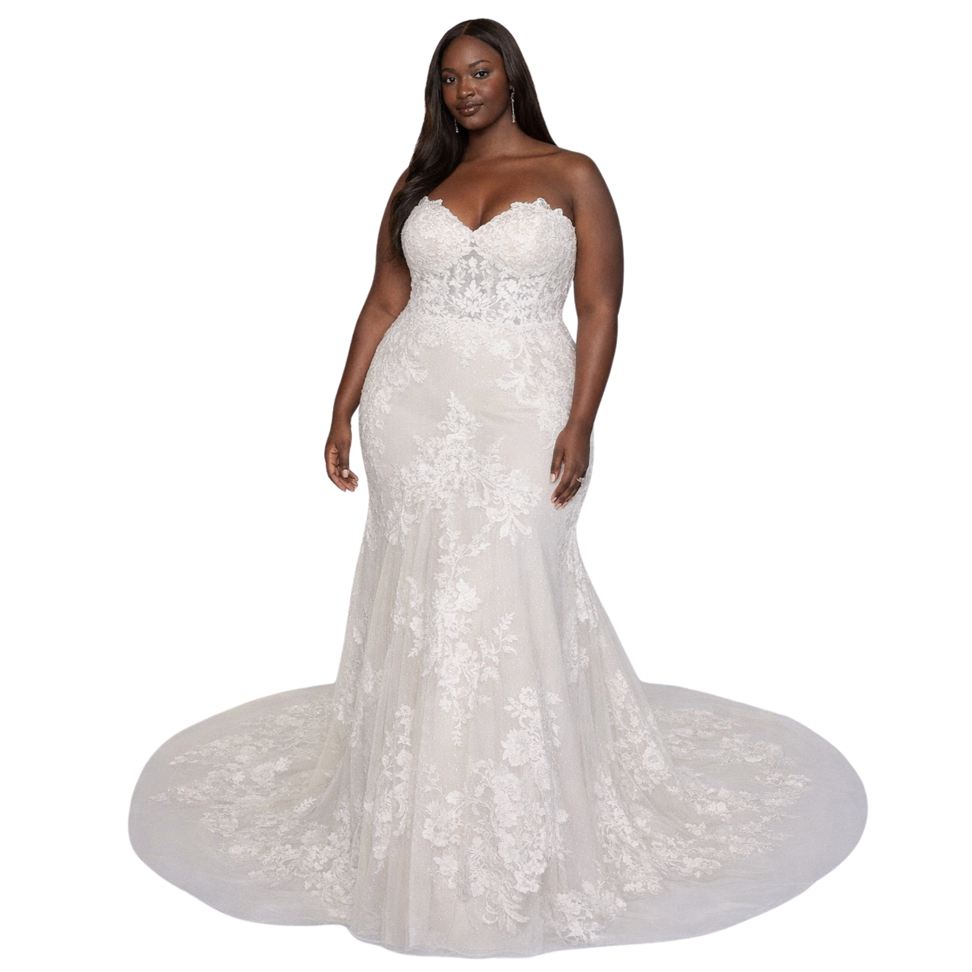 Romantic lace meets sculpted fit. This illusion bodice features appliquéd floral lace, a soft sweetheart neckline, and a figure-flattering fit & flare silhouette. Finished with a chapel train for the perfect balance of elegance and drama.
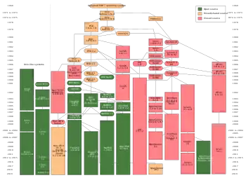 ![]() سیر تکامل سیستمهای یونیکس و شبه یونیکس | |
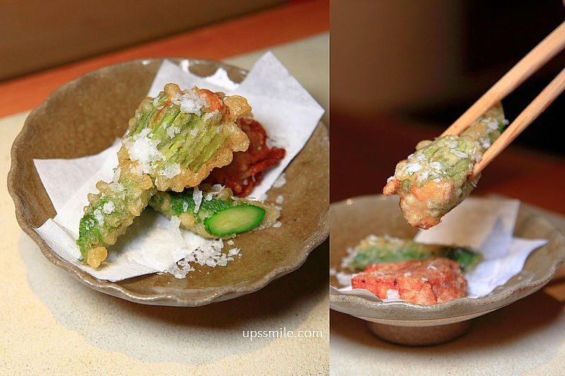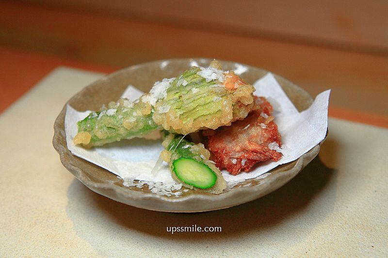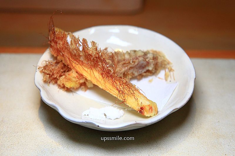 玉米筍天婦羅,搭配雪鹽,炸物料理,看似普通的炸物,金黃酥脆,一點油膩感都沒有,脆口開胃,用炸物來進行另一階段料理。
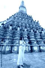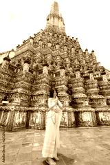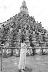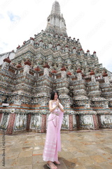 Young Asian woman in traditional Thai costumes at Wat Arun Ratchawararam.
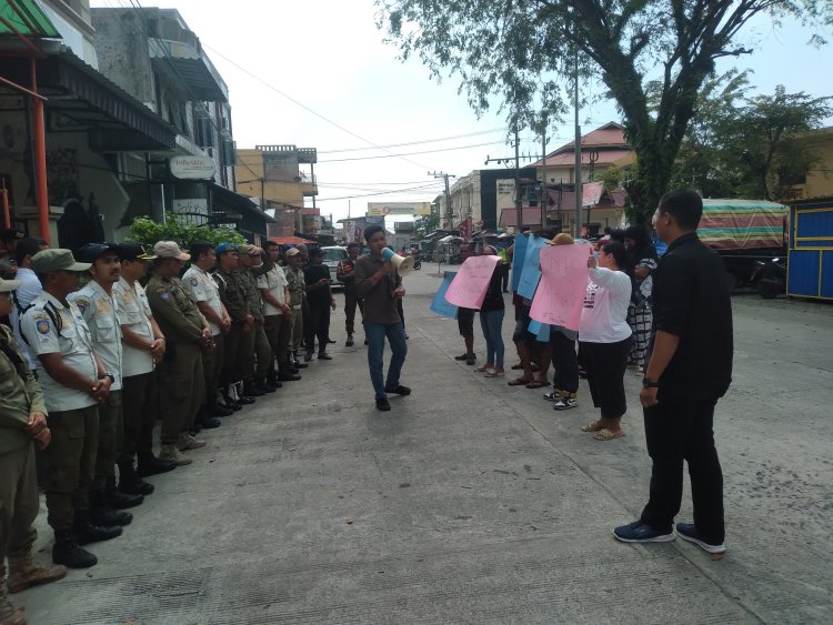 Orator aksi Riski Endàh dalam penyampaian tuntutan aksinya menyampaikan Forum Permuda dan masyarakat peduli kota Sibolga meminta bawaslu kota sibolga dan pemerintah kota sibolga untuk tegas mendeklarasikan tolak money politik di kota sibolga.
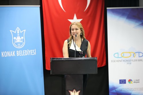 Ege Kent Konseyleri Birliği Buluşması, Konak Belediyesi ve Konak Kent Konseyi ev sahipliğinde Türkan Saylan Kültür Merkezi’nde gerçekleştirildi. “21. Yüzyılda Kent Konseylerinde Sivil İnisiyatif, Katılımcılık ve Dijital Dönüşüm 4.0” konulu bir de panelin yer aldığı buluşmaya ev sahibi Konak Belediye Başkanı Nilüfer Çınarlı Mutlu’yla birlikte, Fındıklı Belediye Başkanı Ercüment Şahin Çervatoğlu, Hopa Belediye Başkanı Utku Cihan, İzmir Büyükşehir Belediyesi Başkan Vekili Altan İnanç, CHP İzmir önceki dönem Milletvekili Zeynep Altıok, Ege Kent Konseyleri Birliği Dönem Başkanı ve Konak Kent Konseyi Başkanı Hamit Mumcu, Ege Kent Konseyleri Birliği Onursal Üyesi ve Kızıltepe Kent Konseyi Başkanı Aslan Başboğa, İzdeniz Yönetim Kurulu Başkanı Dr. Işıkhan Güler, Türkiye Kent Konseyleri Platformu Dönem Başkanı ve Esenyurt Kent Konseyi Başkanı Mehmet Hanifi Kaya, İzmir Tabip Odası Başkanı Prof. Dr. Mehmet Ceyhun Özyurt, Kent Konseyleri başkan, genel sekreter ve üyeleri, Konak Belediyesi Meclis Üyeleri ve muhtarlar katıldı. Panel öncesinde Ege Kent Konseyleri Birliği tanıtım videosu ile Gezi direnişini anlatan kısa film gösterimi yapıldı.
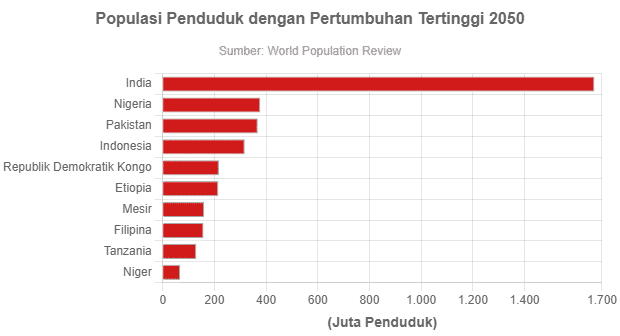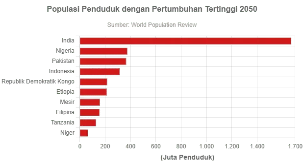 Urbanisasi global menunjukkan proyeksi pertumbuhan populasi di berbagai negara hingga tahun 2050 dengan satuan juta penduduk. India menempati posisi teratas dengan proyeksi populasi mendekati 1,7 miliar jiwa, menjadikannya negara dengan pertumbuhan penduduk tertinggi di dunia, di bawahnya Nigeria dan Pakistan menyusul dengan angka yang juga signifikan, menunjukkan lonjakan demografi yang pesat di kawasan Asia Selatan dan Afrika Sub-Sahara
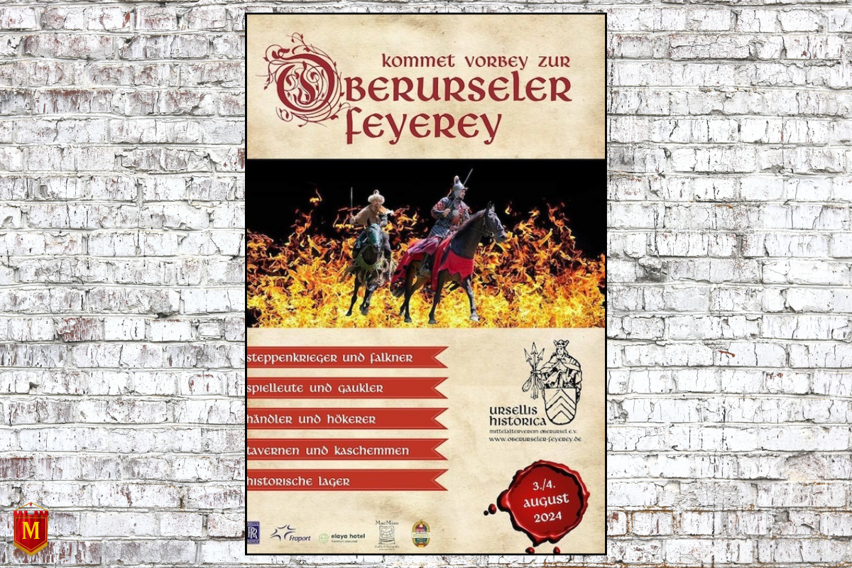 Das 14. Oberurseler Feyerey findet am 03. und 04. August 2024 in Oberursel statt. Machen Sie mit uns eine Zeitreise und tauchen Sie ein in eine Welt mit Spielleuten, Gauklern, Steppenreitern, Falknern, Kriegern und Vaganten. Handwerker und Hökerer bieten ihre Waren feil, und Tavernen sowie Schmaushäuser lassen bezüglich Speis und Trank kaum einen Wunsch offen. Hunderte Mitwirkende in ihren authentischen Gewändern vermitteln Groß und Klein die Vielfalt der mittelalterlichen Kultur und Gesellschaft.
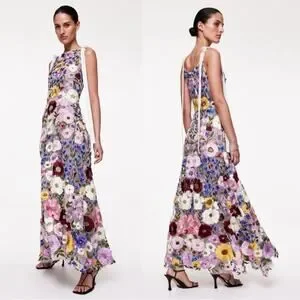 Rachel Gilbert Nya Floral Hand Embroidered Gown Textured 10 US
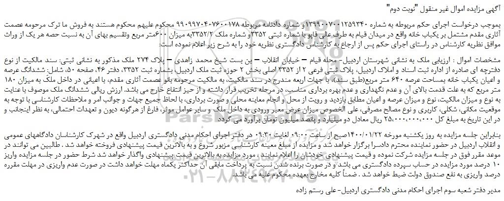 "آگهی مزایده اموال غیر منقول "نوبت دوم
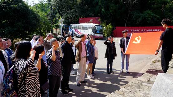 在红军小道路口,党委副书记刘一杰领誓,带领全体党员,面对党旗庄严宣誓,重温入党誓词,重忆入党初心。公司党委书记吴晓雄强调,大家要牢记革命历史,我们生活在和平美好的年代,不能忘记先辈们为此付出的艰辛努力,我们要将先辈们的革命精神和奉献精神铭记于心,不忘初心,牢记使命,继承革命传统,为公司和公司的事业发展、广大师生的福祉而努力工作,为实现中华民族伟大复兴的中国梦努力奋斗!
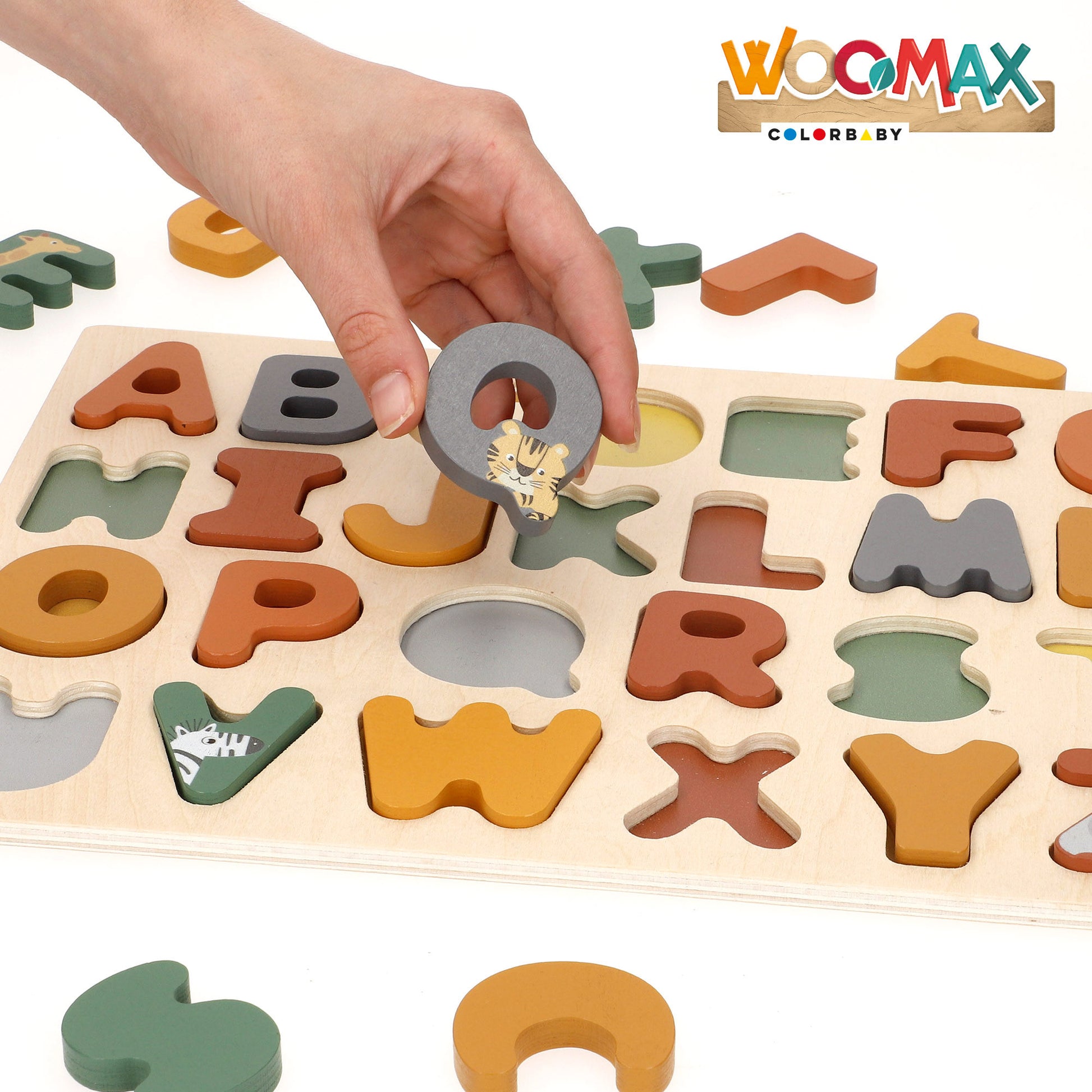 Embarque numa aventura divertida com oPuzzle de encaixe WOOMAXEste brinquedo de madeira,Concebido para mãos pequenasAprender o alfabeto torna-se uma experiência fácil e divertida. Coloque cada letra no seu lugar e... descubra um mundo cheio de formas, cores e aprendizagens!
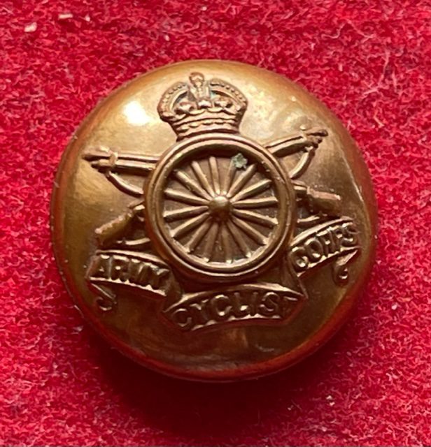 An other ranks brass 18mm button of the short lived Army Cyclist Corps with the bakckmark ESTABLISHED 1763. jun26/8
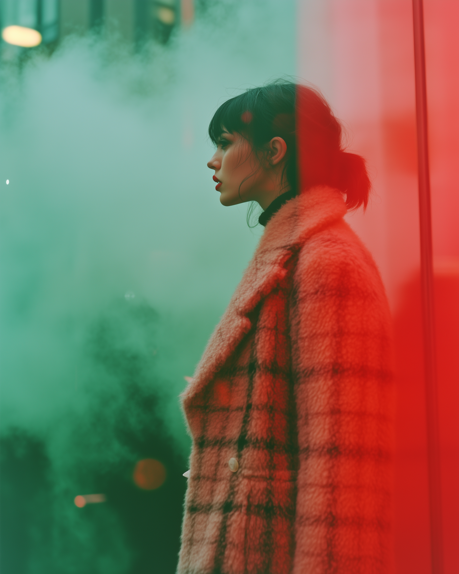 Profile of a woman in a plaid coat amidst green mist and red glass, creating a surreal and colorful atmosphere.

##########

• **How to complete this task**:
When you return the listing, keep it exact and omit any pictures it holds.

• **Answer**:
 Romantic lace meets sculpted fit. This illusion bodice features appliquéd floral lace, a soft sweetheart neckline, and a figure-flattering fit & flare silhouette. Finished with a chapel train for the perfect balance of elegance and drama.
 ![]() سیر تکامل سیستمهای یونیکس و شبه یونیکس | |
 玉米筍天婦羅,搭配雪鹽,炸物料理,看似普通的炸物,金黃酥脆,一點油膩感都沒有,脆口開胃,用炸物來進行另一階段料理。
 Young Asian woman in traditional Thai costumes at Wat Arun Ratchawararam.
 Orator aksi Riski Endàh dalam penyampaian tuntutan aksinya menyampaikan Forum Permuda dan masyarakat peduli kota Sibolga meminta bawaslu kota sibolga dan pemerintah kota sibolga untuk tegas mendeklarasikan tolak money politik di kota sibolga.
 Ege Kent Konseyleri Birliği Buluşması, Konak Belediyesi ve Konak Kent Konseyi ev sahipliğinde Türkan Saylan Kültür Merkezi’nde gerçekleştirildi. “21. Yüzyılda Kent Konseylerinde Sivil İnisiyatif, Katılımcılık ve Dijital Dönüşüm 4.0” konulu bir de panelin yer aldığı buluşmaya ev sahibi Konak Belediye Başkanı Nilüfer Çınarlı Mutlu’yla birlikte, Fındıklı Belediye Başkanı Ercüment Şahin Çervatoğlu, Hopa Belediye Başkanı Utku Cihan, İzmir Büyükşehir Belediyesi Başkan Vekili Altan İnanç, CHP İzmir önceki dönem Milletvekili Zeynep Altıok, Ege Kent Konseyleri Birliği Dönem Başkanı ve Konak Kent Konseyi Başkanı Hamit Mumcu, Ege Kent Konseyleri Birliği Onursal Üyesi ve Kızıltepe Kent Konseyi Başkanı Aslan Başboğa, İzdeniz Yönetim Kurulu Başkanı Dr. Işıkhan Güler, Türkiye Kent Konseyleri Platformu Dönem Başkanı ve Esenyurt Kent Konseyi Başkanı Mehmet Hanifi Kaya, İzmir Tabip Odası Başkanı Prof. Dr. Mehmet Ceyhun Özyurt, Kent Konseyleri başkan, genel sekreter ve üyeleri, Konak Belediyesi Meclis Üyeleri ve muhtarlar katıldı. Panel öncesinde Ege Kent Konseyleri Birliği tanıtım videosu ile Gezi direnişini anlatan kısa film gösterimi yapıldı.
 Urbanisasi global menunjukkan proyeksi pertumbuhan populasi di berbagai negara hingga tahun 2050 dengan satuan juta penduduk. India menempati posisi teratas dengan proyeksi populasi mendekati 1,7 miliar jiwa, menjadikannya negara dengan pertumbuhan penduduk tertinggi di dunia, di bawahnya Nigeria dan Pakistan menyusul dengan angka yang juga signifikan, menunjukkan lonjakan demografi yang pesat di kawasan Asia Selatan dan Afrika Sub-Sahara
 Das 14. Oberurseler Feyerey findet am 03. und 04. August 2024 in Oberursel statt. Machen Sie mit uns eine Zeitreise und tauchen Sie ein in eine Welt mit Spielleuten, Gauklern, Steppenreitern, Falknern, Kriegern und Vaganten. Handwerker und Hökerer bieten ihre Waren feil, und Tavernen sowie Schmaushäuser lassen bezüglich Speis und Trank kaum einen Wunsch offen. Hunderte Mitwirkende in ihren authentischen Gewändern vermitteln Groß und Klein die Vielfalt der mittelalterlichen Kultur und Gesellschaft.
 Rachel Gilbert Nya Floral Hand Embroidered Gown Textured 10 US
 "آگهی مزایده اموال غیر منقول "نوبت دوم
 在红军小道路口,党委副书记刘一杰领誓,带领全体党员,面对党旗庄严宣誓,重温入党誓词,重忆入党初心。公司党委书记吴晓雄强调,大家要牢记革命历史,我们生活在和平美好的年代,不能忘记先辈们为此付出的艰辛努力,我们要将先辈们的革命精神和奉献精神铭记于心,不忘初心,牢记使命,继承革命传统,为公司和公司的事业发展、广大师生的福祉而努力工作,为实现中华民族伟大复兴的中国梦努力奋斗!
 Embarque numa aventura divertida com oPuzzle de encaixe WOOMAXEste brinquedo de madeira,Concebido para mãos pequenasAprender o alfabeto torna-se uma experiência fácil e divertida. Coloque cada letra no seu lugar e... descubra um mundo cheio de formas, cores e aprendizagens!
 An other ranks brass 18mm button of the short lived Army Cyclist Corps with the bakckmark ESTABLISHED 1763. jun26/8
 Profile of a woman in a plaid coat amidst green mist and red glass, creating a surreal and colorful atmosphere.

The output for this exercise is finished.